“Stop and frisk” practice ethically, morally wrong
Crime can always be lessened, there’s no doubt about that. But crime, regardless of where it takes place, should be lessened by ethical and legal means. And there is nothing legal nor ethical about a “stop and frisk” policy.
On Monday, federal judge Shira A. Scheindlin ruled that the New York Police Department was violating the constitutional rights (specifically the Fourth and 14th Amendments) of Hispanic and African-Americans with this policy of simply stopping, questioning and searching someone on the basis of “looking suspicious.” According to the Wall Street Journal, Scheindlin called for a pilot program in which officers must be equipped, for one year, with body-worn cameras. After that, an independent monitor will weigh whether cameras reduced unconstitutional stops, and whether the pros outweigh the cons.
New York mayor Michael Bloomberg (yes the anti-gun, anti-Big Gulp Michael Bloomberg) vowed to appeal the decision, saying the practice has “saved” more Hispanic and African-American lives, especially in high crime areas.
It is true that serious crimes and murder rates in New York are down when compared to twenty years ago. According to a CNN report, in 1990 the serious crime rate in New York was over 500 thousand, and there were over 2,200 murders. In 2011 there were over 100 thousand serious crimes and over 500 murders.

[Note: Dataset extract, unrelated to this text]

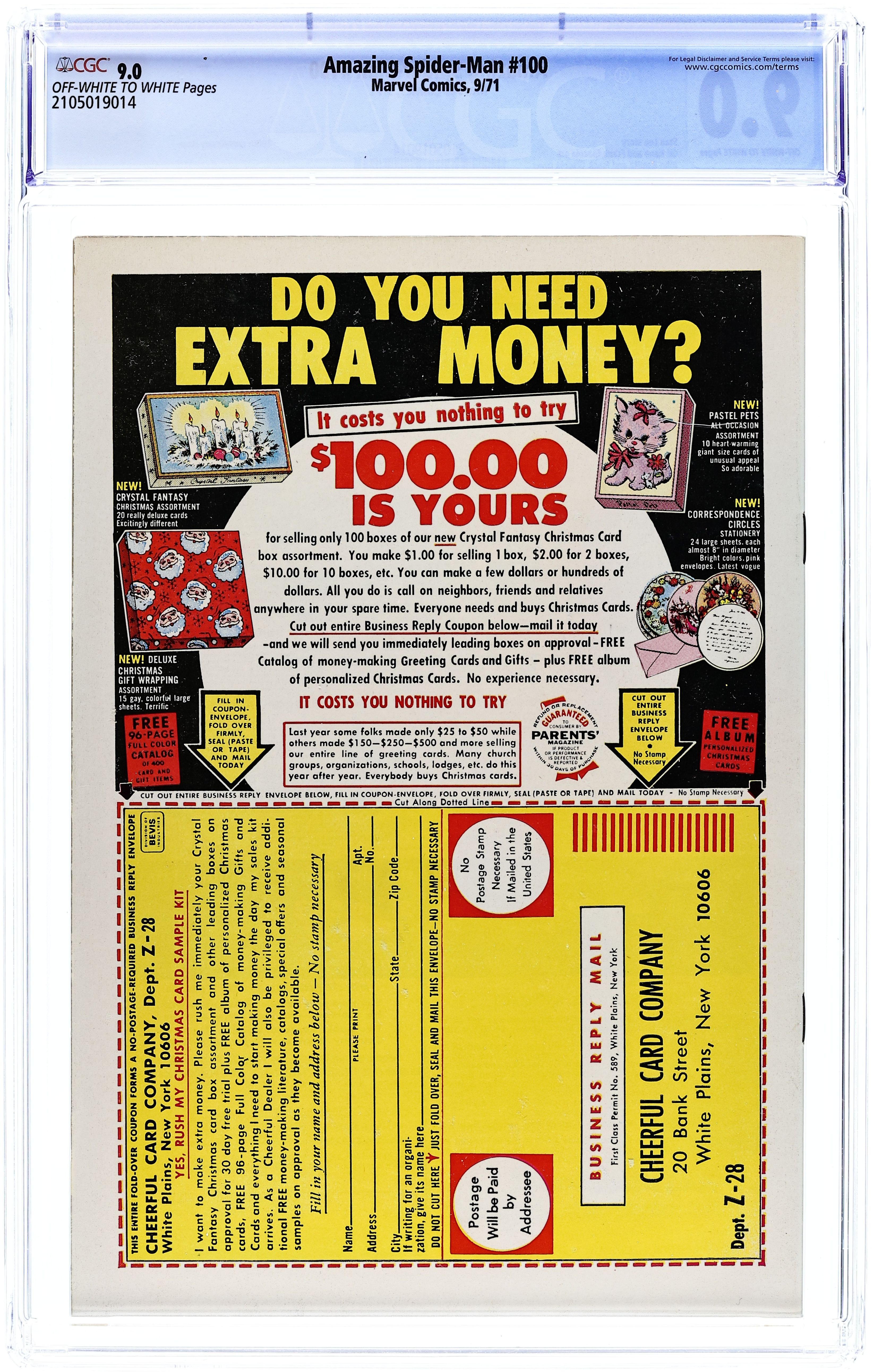 "The Spider of the Man?" Script by Stan Lee. Pencils by Gil Kane. Inks by Frank Giacoia and Tony Mortellaro (backgrounds). Cover by John Romita and Frank Giacoia. It's the 100th anniversary issue of the Amazing Spider-Man title -- with an all-time cover! Peter Parker wants to live a normal life with Gwen Stacy. But he doesn't think he can as long as he has his spider-powers. So, with that thought in mind, the young scientist creates a special potion -- which he believes will eliminate his remarkable abilities. After Peter drinks the potion, he lies down to sleep. And when he wakes up...he gets the biggest shock of his amazing life! Flashback cameos by Aunt May, J. Jonah Jameson, Betty Brant, Gwen Stacy, and Captain Stacy. (Notes: There have been many homages to John Romita's classic cover including the covers to Marvel Tales 100, Ultimate Spider-Man (2000) 100B, and Peter Parker (2017) #1EBAY. This story was reprinted in Marvel Treasury Edition #14 and Marvel Tales 253.) 36 pages. Cover price $0.15.

Scheindlin, however, ruled that when compared to the lives of minorities saved, the amount of minorities stopped was utterly disproportionate.
In the same CNN report, 4.4 million people, from 2004 to last year, were stopped, and of that amount in 2011/12, 87% were African-American and Hispanic. And of those stopped, only 12% were actually charged with a crime.
A Washington Post blog released statistics charts, compiled by employees at Mother Jones, that break it down further.
Of the 4.4. million stops, 2.3 million were black, 1.4 million were Hispanic, and 435,000 were white. Both blacks and whites had the same total amount of illicit materials seized, 16,000, and there were 14,000 illicit materials seized from Hispanics.
The same blog also mentions an NYPD-initiated study by the RAND Corporation, which found that black suspects were more likely than white suspects to be stopped and frisked.
I know what you’re thinking, “I live in Pierce County, North Dakota, or some other closely-knit place, why should I care about what happens in New York?” I’m getting to that.
Where was I? Anyway, as any skeptic worth his or her salt knows, and as it should be known, correlation does not equal causation. A decrease in crime rate could be attributed to anything: more people going to prison, more people moving, more people dying, social triggers, environmental triggers, and even the ID, ego and superego.
Law enforcement officers can stop and frisk someone if they have a reasonable cause, one based on specific and articulable facts rather than a hunch. That’s the basis of the Terry v. Ohio Supreme Court decision. For example, if someone’s swerving while driving like a bat out of hell on Highway 2, there’s reason to stop him or her. He or she might be intoxicated and pose a threat to other motorists. But simply “looking suspicious” isn’t a reasonable cause.
Even if the method lessens crime, a law enforcement method that tramples on a person’s constitutional rights, whether that person is black, white, green or blue, is ethically, and morally, wrong, regardless of where it takes place.